SHORT FILM REVIEW: MERCURY IS MINE
8:02:00 PMThis is the first Jason Paul Laxamana movie I've watched. But based on how witty the lines were and the fact that he won Best Screenplay in Cinemalaya, I guess it's worth the time to dig up his other works.
The film's cinematography is familiar. The hues and mood of framing feels like I've seen them in "Sakaling Hindi Makarating" so I also guess it's becoming a trend. The thing about this type of cinematography is that viewers are reminded that there's a big screen (good or not, it depends if the movie is engaging enough.)
As for the performances, there's probably no better choice, for an almost-deranged, 50-year old Kapampangan woman with a broken English, other than Pokwang.
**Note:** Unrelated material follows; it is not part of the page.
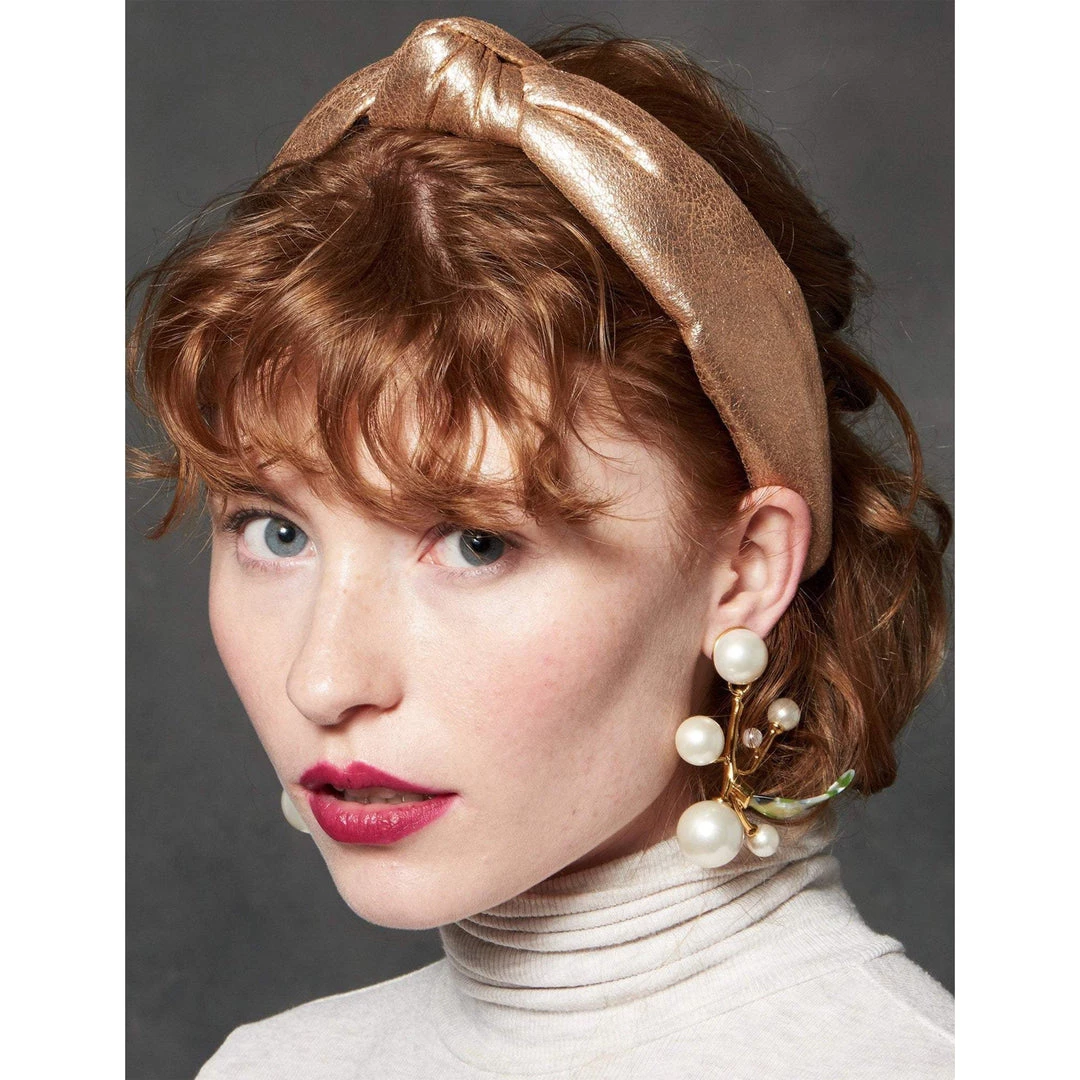 Glittery hair bling! This glitzy and sparkling headband is the perfect accessory for days when you want to add flair to your hair and your whole outfit! In a beautiful metallic gold, this hair bow is soft and cushiony.

And for Bret Jackson who plays an unpredictable American teenager who is supposed both charm and contain darkness for his character, anyone could say that he could have done better. Personally, I wished he didn't execute some lines that way.
"Mercury Is Mine" is on another level of crazy, satirical Philippine comedy that starts dark, builds up with humor, delivers with societal truths, tumbles down with foolish story inclusions and ends in a clever way. It would make you laugh all throughout. But it also occasionally becomes unsettling that as the movie blacks out at the end, you're gonna wonder what genre of film you would assign it to.
Reminding us in an unsolicited way that we Filipinos are obsessed with Western culture, this film will always be remembered as a cute tale of everything our society wants to be and everything our society shouldn't be.